Commandments for Writers Series: #9

We have nearly completed our study of Sol Stein's Ten Commandments for Writers from his book, Stein on Writing. For those of you who have followed along, I hope it's been a help in becoming a more perceptive writer, or reader. I have learned a lot from his book... maybe nothing astounding or revolutionary, but certainly, Stein's views on what good writing is and what it accomplishes will push me to be better, to reach farther. His explanations are clear. His examples back up his theories. And he loves character. Which is why I really loved this book. Now, on to the next commandment.


9 Thou shalt not forget that dialogue is as a foreign tongue, a semblance of speech and not a record of it, a language in which directness diminishes and obliqueness sings.

I love dialogue. I love the possibilities it brings to the reader to be in the "now" of the story, learning by what characters are saying instead of what the narrator is describing. It brings the story to "real time" and gives the characters life. We learn so much from what a person says, the way they choose their words, the forms of speech they have grown up with. We learn what age they are, their level of education, the level of respect they have for others, for the things in their lives.

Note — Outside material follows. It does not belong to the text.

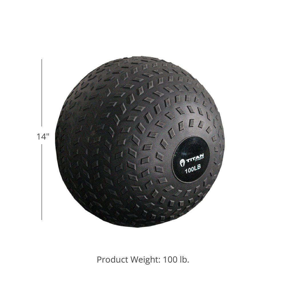 The 100 LB Slam Ball is constructed for the highest-level performance, optimizing a full-body workout, and built to perform multiple reps throwing, slamming, or catching the ball. This non-bouncy durable ball is filled with sand to ensure no bounce and absorb impact. The shell is crafted with a high-quality rubber tread pattern that is easy to grip and will prevent blowouts when slammed to the ground. Slam balls are designed to increase muscle mass, enhance cardiovascular endurance, and improve hand-eye coordination while working with a partner. They are also perfect for getting rid of excess energy and pent-up frustration. Utilize this ball for overhead lunges, ball slams, Russian twists, squat throws, or air squats to take your workout to the next level.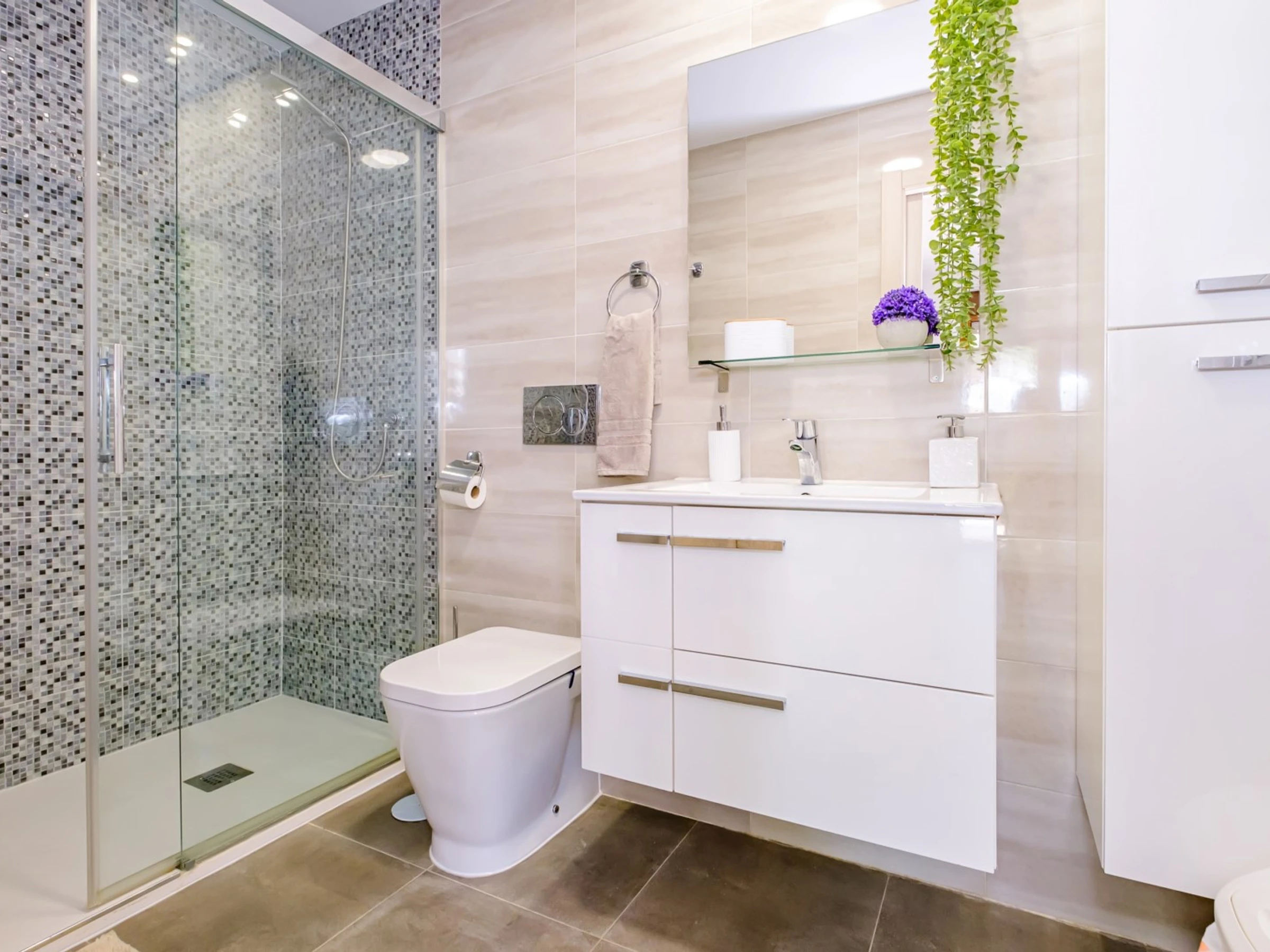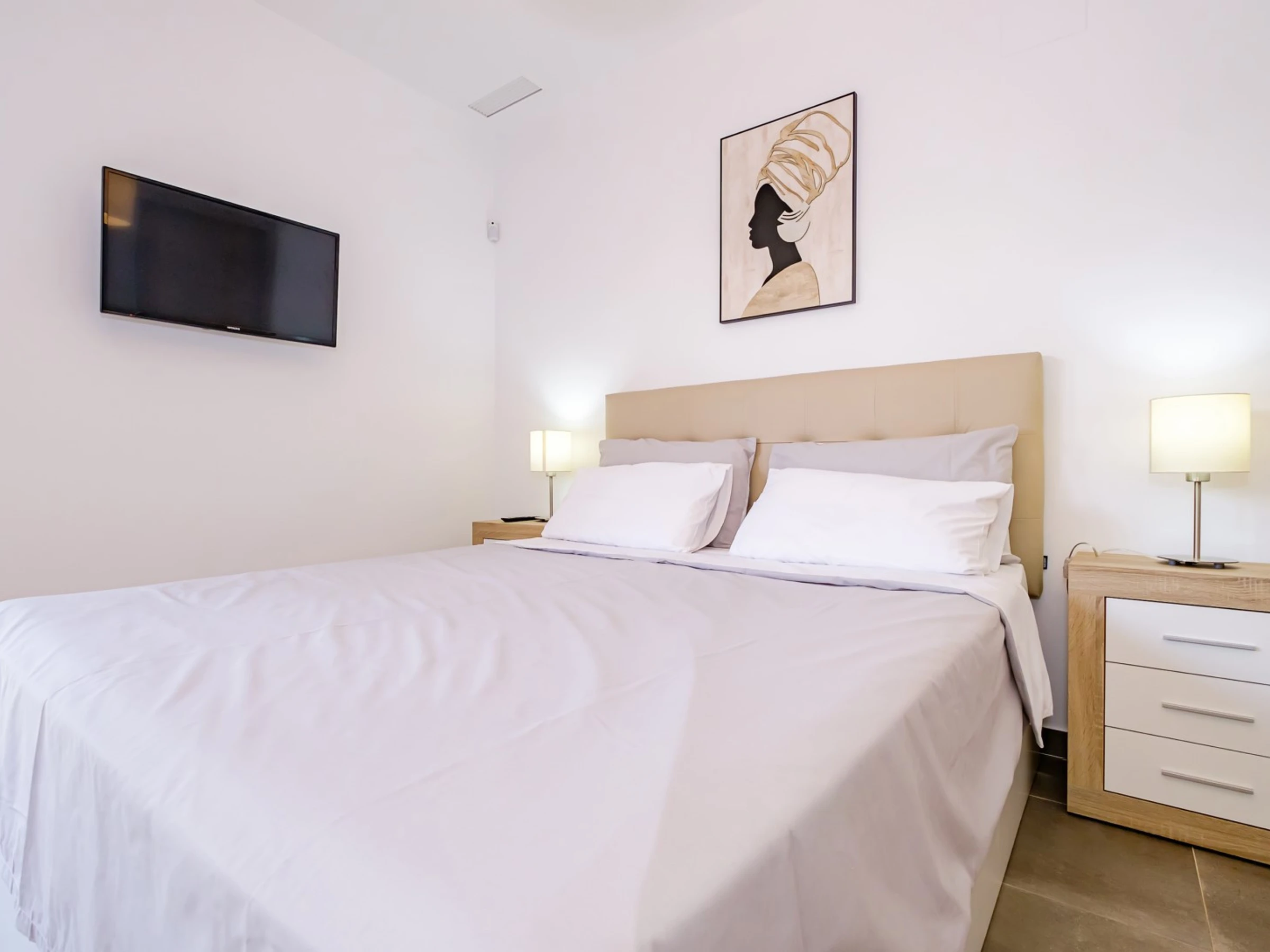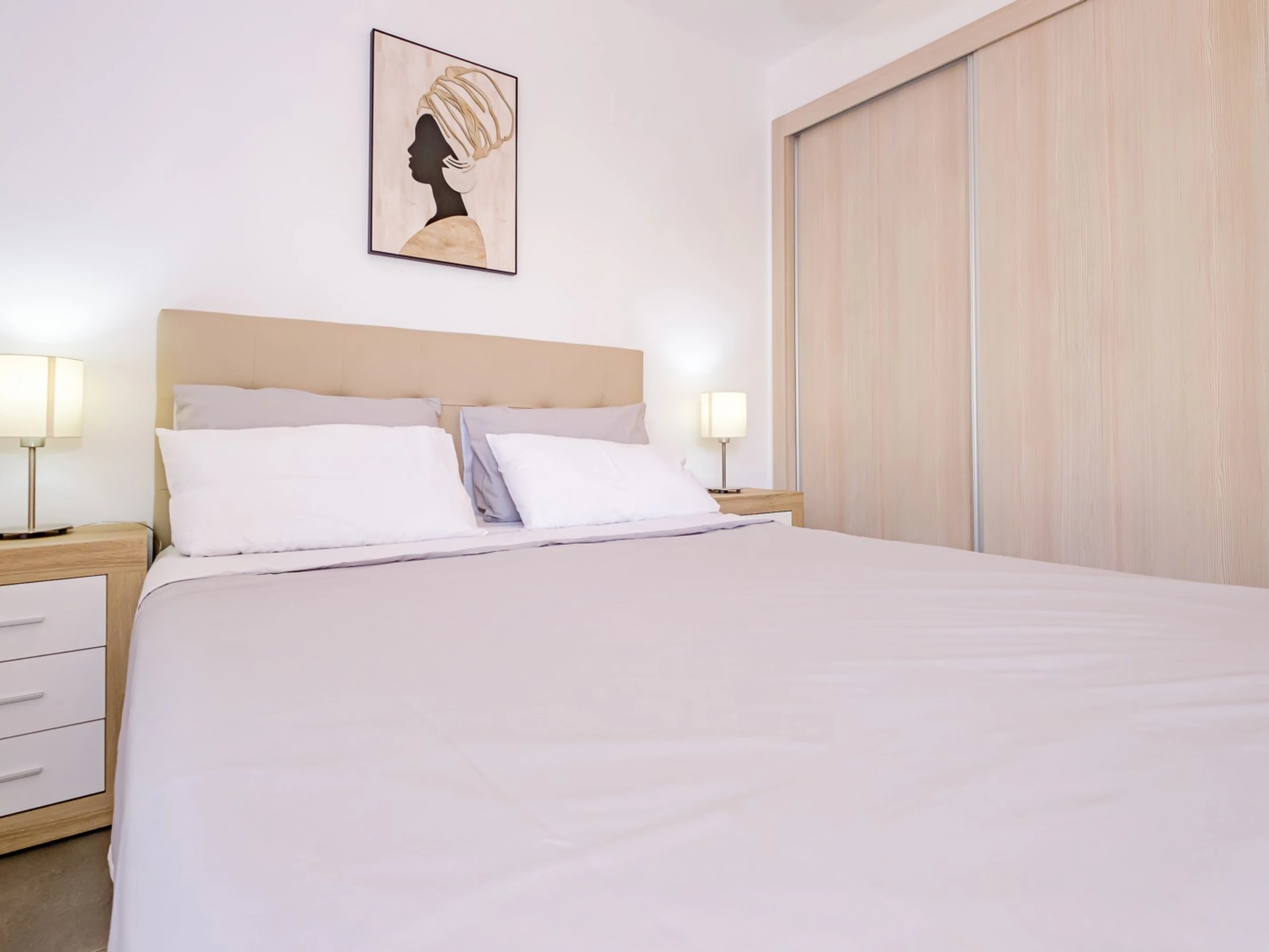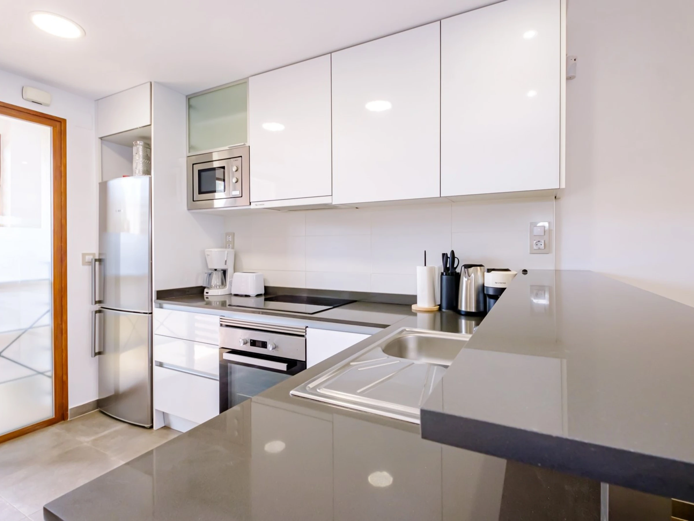Wir bieten zur touristischen Vermietung einen modernen, gemütlichen Bungalow im Erdgeschoss in einer geschlossenen Anlage mit Grünfläche in der Gegend von La Zenia an! Die Wohnfläche beträgt 83 m2, besteht aus zwei Schlafzimmern, einem Wohnzimmer, einer Küche im amerikanischen Stil, zwei Badezimmern, einem Technikraum, einer Terrasse und einem privaten Innenhof mit Ruhebereich. Es gibt alles, was Sie für einen komfortablen Aufenthalt benötigen: moderne Möbel (einschließlich Gartenmöbel für die Terrasse und Sonnenliegen), elektrische Haushaltsgeräte (mit Geschirrspüler und Kaffeemaschine), Bettwäsche und Handtücher, Geschirr. Zentrale Klimaanlage, Grill, WLAN. Der Komplex verfügt über einen großen Innenbereich mit einem Kinderspielplatz und 3 Swimmingpools, aufgeteilt in einen Erwachsenen- und einen Kinderbereich. Es gibt einen Parkplatz. In fußläufiger Entfernung befindet sich der riesige Einkaufskomplex La Zenia, der Geschäfte aller Art, darunter auch Lebensmittel-Supermärkte, bietet. In fußläufiger Entfernung befinden sich Bars und Restaurants für jeden Geschmack. Das Meer und der Strand sind etwa einen Kilometer entfernt. Unterkunftsmöglichkeit – bis zu sechs Personen (keine Tiere!). Rauchen ist nur auf der Terrasse und im Hof gestattet!

We even learn what they are hiding if their words conflict with the inner thoughts we are privy to as readers.
Dialogue moves the story quickly, the reader able to move down the page at a clip. But what do we include in written dialogue? What do we leave out?
When I'm writing a first draft, I've noticed the sections of dialogue I hammer out are fairly all-inclusive. Particularly if it's a phone conversation. The greeting, the small talk, the ummm's, then the meat of the conversation, the purpose of the call, then the ummm's again, then the farewell. But it's a first draft and I'm in the zone and it's what I am seeing and hearing in my head, so it all gets thrown down.
When I edit, I choose only the essentials needed to take the conversation where it needed to go. The reader will assume the conversation started with niceties, and ended the same way. Stein says dialogue in a story is not as the precise recordings of a court reporter. Select what moves the story along. Make it resonate. Make it count.

*NOTE: Because THE ORCHARD is now under contract, I can no longer post excerpts from it as examples without written consent. But you can read the whole thing as soon as it comes out! Thank you for understanding!

5 comments:

L.T. Elliot said...

Excellent advice, Krista! Thank you!

Kimberly said...

Fabulous example. The revised version has me wanting to know the rest of the story!

Krista said...

Thanks LT! His book is so basically good.

Kym, you will! One day, you will!

Julie Wright said...

Love the examples. Dialogue is my favorite thing about writing, which makes me wonder if I should be writing screenplays.

Talei said...

I love playing with dialogue, my characters may 'sigh deeply' whenever I come near my WIP though.